MM-BizRAG beats SOTA by 32% on enterprise Q&A with structure-aware parsing
New multimodal RAG handles reports and slide decks differently, boosting accuracy dramatically
Most multimodal RAG systems treat all documents as images, losing the rich structure of enterprise documents like reports and slide decks. MM-BizRAG, accepted at ACL 2026 Industry Track, takes a different approach: it proactively extracts document structure through a structure-aware split that routes documents into orientation-specific ingestion pipelines. For vertically structured documents (e.g., reports), it applies explicit layout-aware parsing; for horizontally structured ones (e.g., slide decks), it uses holistic page-level representations. A unified LLM-driven artifact transformation pipeline with placeholder-based positional alignment preserves natural reading order, while inference-time multimodal assembly decouples retrieval representations from generation context—enabling richer, more grounded answers without any finetuning requirement.

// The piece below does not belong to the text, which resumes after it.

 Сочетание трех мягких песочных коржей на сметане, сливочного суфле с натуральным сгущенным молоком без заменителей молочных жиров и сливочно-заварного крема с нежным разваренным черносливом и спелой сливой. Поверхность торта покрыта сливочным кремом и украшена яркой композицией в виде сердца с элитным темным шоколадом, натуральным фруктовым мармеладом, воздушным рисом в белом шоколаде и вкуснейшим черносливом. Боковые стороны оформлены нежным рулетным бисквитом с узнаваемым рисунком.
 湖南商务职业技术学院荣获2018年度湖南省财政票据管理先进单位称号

Tested on a large, heterogeneous enterprise dataset and two public benchmarks (SlideVQA and FinRAGBench-V), MM-BizRAG consistently outperforms state-of-the-art vision-centric baselines by up to 32% points, with especially strong gains on report-style layouts. The authors also introduce FastRAGEval, a single-call LLM Judge metric for fine-grained generative recall that halves RAGChecker's cost while achieving stronger human alignment. This work demonstrates that explicit structure handling is key for enterprise-grade document Q&A, and the no-finetuning requirement makes it practical for real-world deployment.

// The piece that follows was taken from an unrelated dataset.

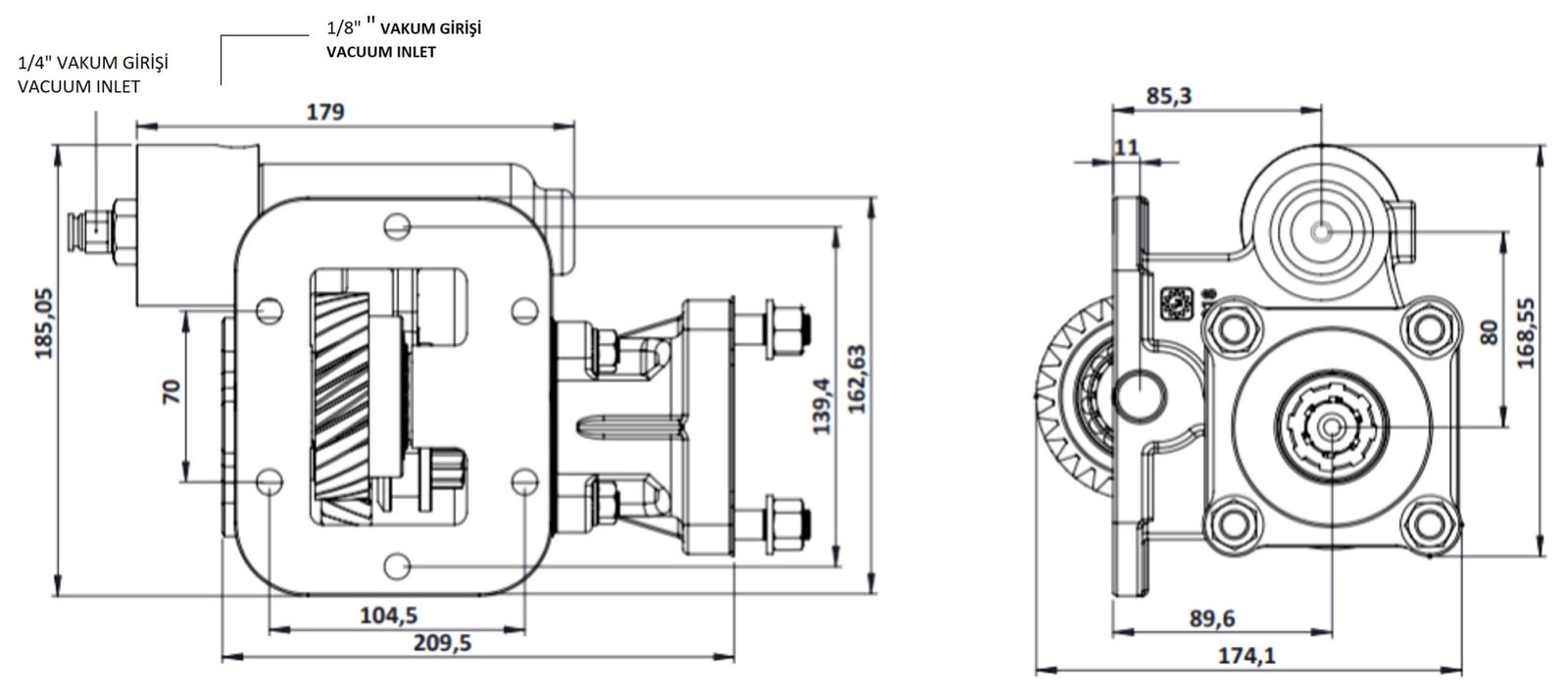 PTO FEATURE – PTO TYPE DOUBLE GEAR – VACUUM / DOUBLE THREAD – VACUUM

- Introduces document structure-aware splitting with orientation-specific ingestion pipelines for reports vs. slide decks.
- Achieves up to 32% point improvement over SOTA vision-centric baselines on enterprise datasets and public benchmarks.
- Proposes FastRAGEval metric that halves cost of RAGChecker with stronger human alignment for generative recall.
Why It Matters
Enables accurate, structure-aware AI Q&A on complex enterprise documents without costly finetuning.